More than 75 percent of those polled said they didn’t care that Andrews broke his promise. Only 18 percent said it made them less likely to vote for him.
 
Andrews shocked the political community last April when he jumped into the Democratic U.S. Senate primary against U.S. Sen. Frank Lautenberg. Because he was running for Senate, Andrews could not simultaneously appear on the ballot for the House seat he was first elected to in 1990.
 
He and Democrats put his wife, Camille Spinello Andrews on the June 3 primary ballot as a place holder candidate. The plan was that Democrats would select a candidate in a nominating convention.
 
But after Andrews lost the primary to Lautenberg, Democrats waited through the summer for Andrews to make a decision.

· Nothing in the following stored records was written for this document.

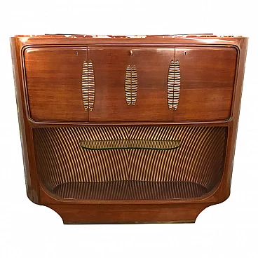 Rare and sophisticated bar cabinet designed by Vittorio Dassi for Permanente Mobili Cantù, Italy, 1950s. Refined mahogany structure with oval red marble top, three doors one of which is reclinable and a small oval glass shelf. Elegant stripped brass elements and decorated internal compartment. In excellent conditions.
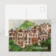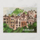 Magnifique peinture aquarelle colorée (sur carte postale) de Ramsay Garden, les maisons emblématiques à côté du château d'Édimbourg.
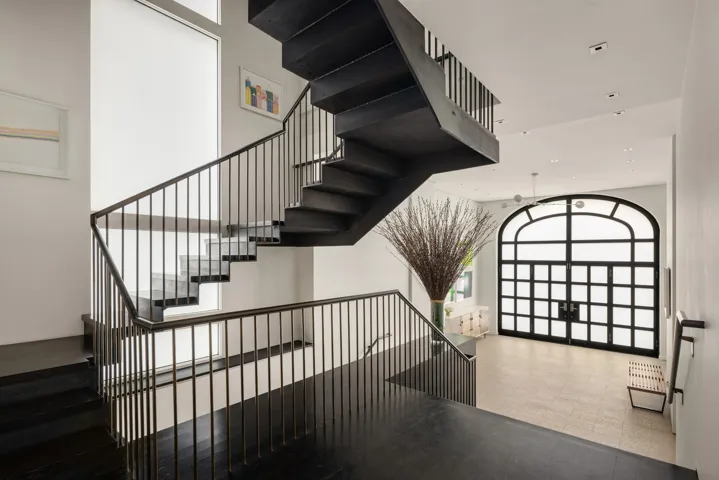 Entering the home, you are ushered into a spacious foyer framed by beautifully restored carriage house doors. Up a few steps, the enormous great room unfolds with double height ceilings up to 20’ feet and is framed by a wall of windows opening onto the garden. A state-of-the-art chef’s kitchen boasts a suite of appliances by Wolf, SubZero and Bosch, a generous Caesarstone center island/breakfast bar and custom-built cabinetry. A large mudroom and discreet powder room round out the garden level floor.
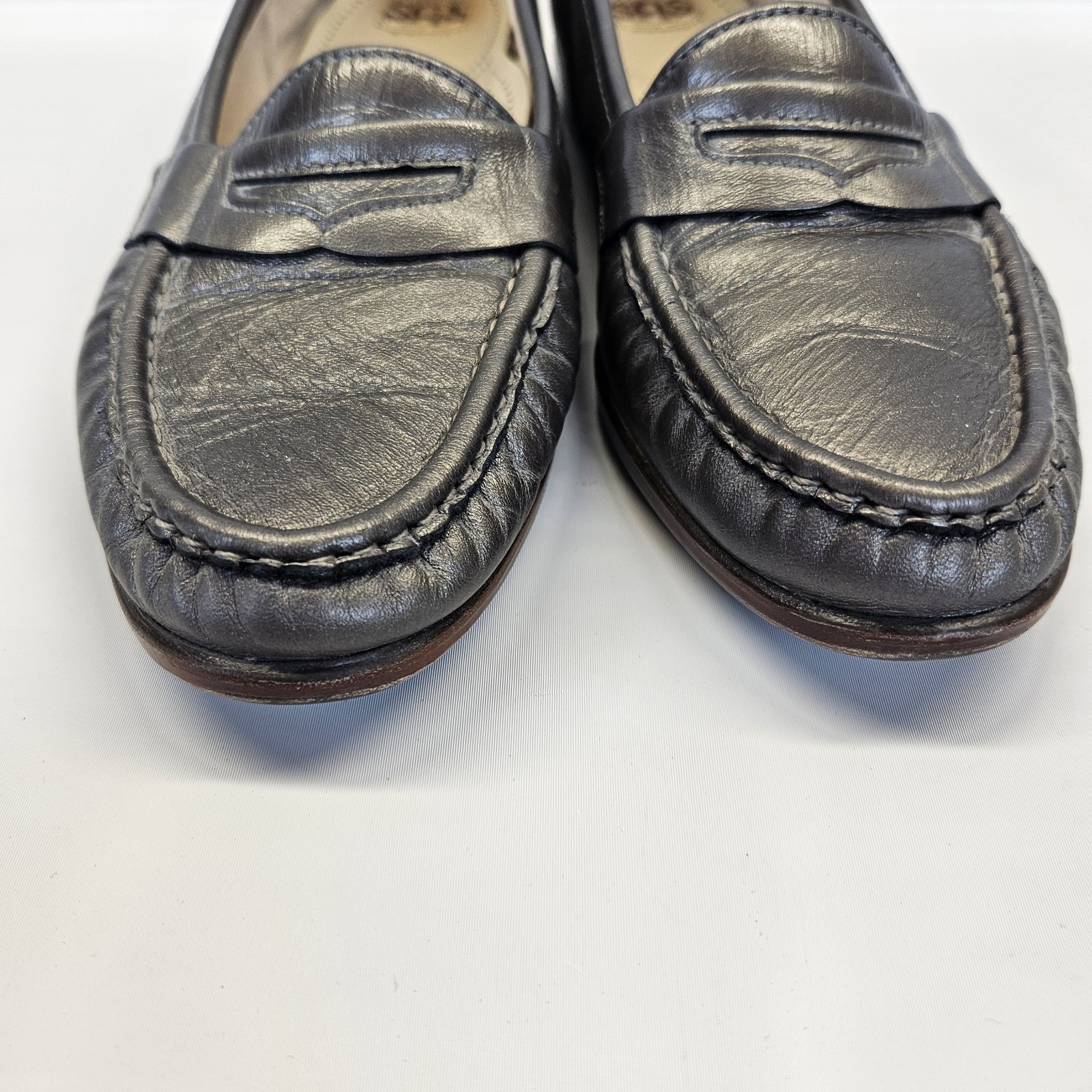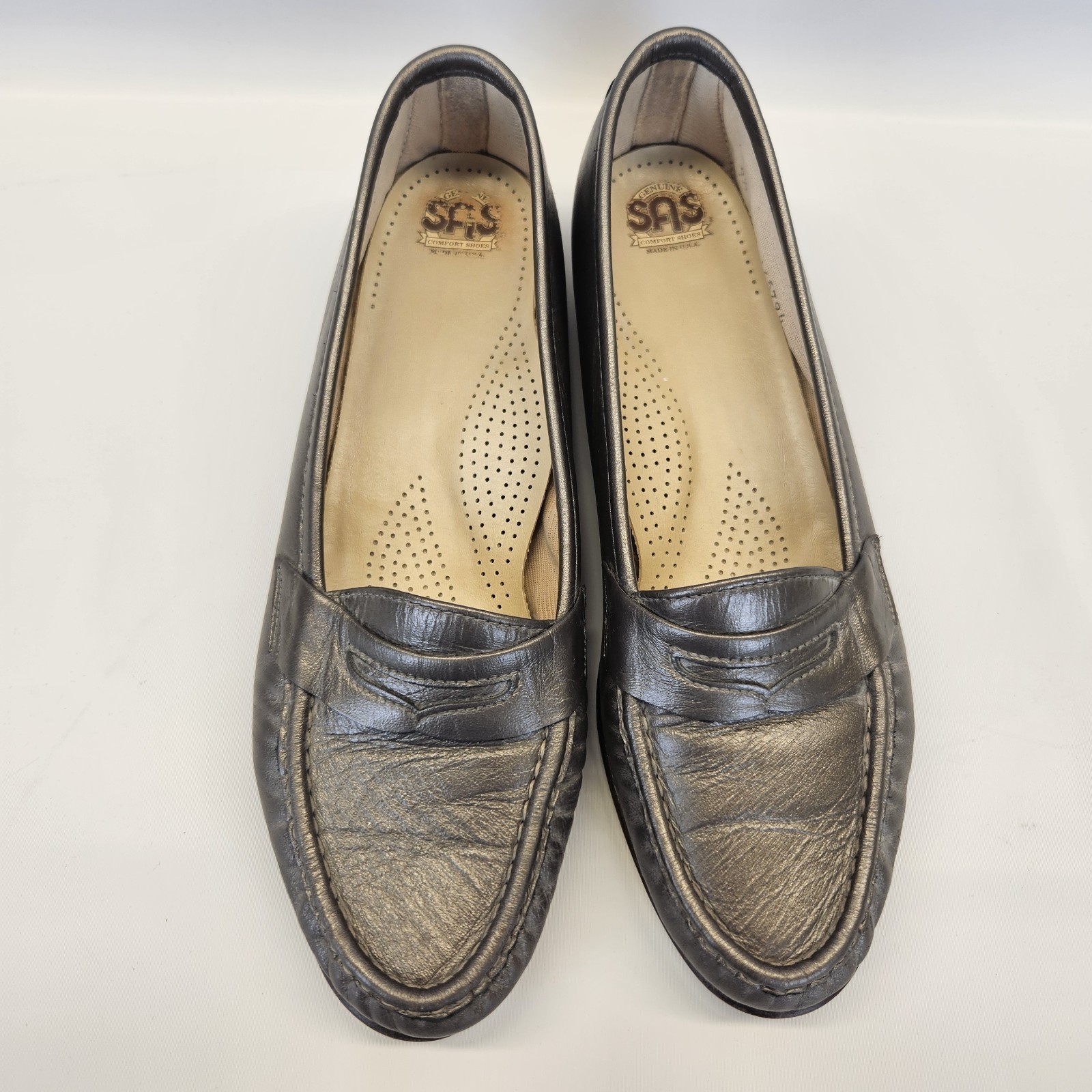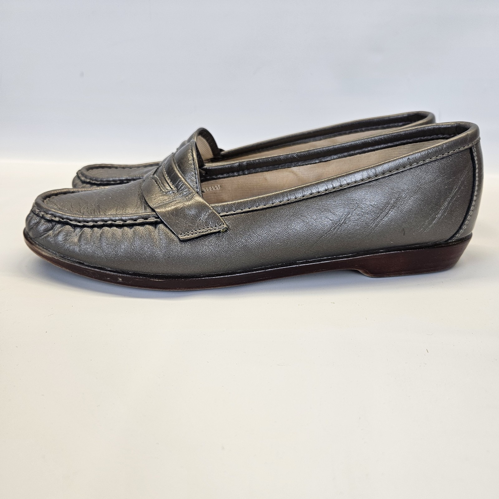 SAS Pewter Silver Gun Metal Moccasin Penny Loafers Shoes Comfort Womens 9.5 Good preowned condition with normal signs of use.

Shortly after Labor Day, he said he wanted to run for his old seat because he’d had a “change of heart.” In a quickly arranged party convention, Democrats nominated him to run for the seat again.
 
The poll confirms what pundits have been saying all along -- in one of the country's safest seats, the Democrat is heavily favored to win.
 
Among likely voters, Andrews is ahead of Republican Dale Glading, a prison minister from Barrington by 73 percent to 16 percent.
 
Stockton used Zogby International to conduct the poll of 400 likely voters living in the district which covers much of Camden County and includes parts of Gloucester and Burlington counties. The poll was conducted between Sept. 18 and Sept. 20 and has a margin of error of plus or minus 4.5 percentage points.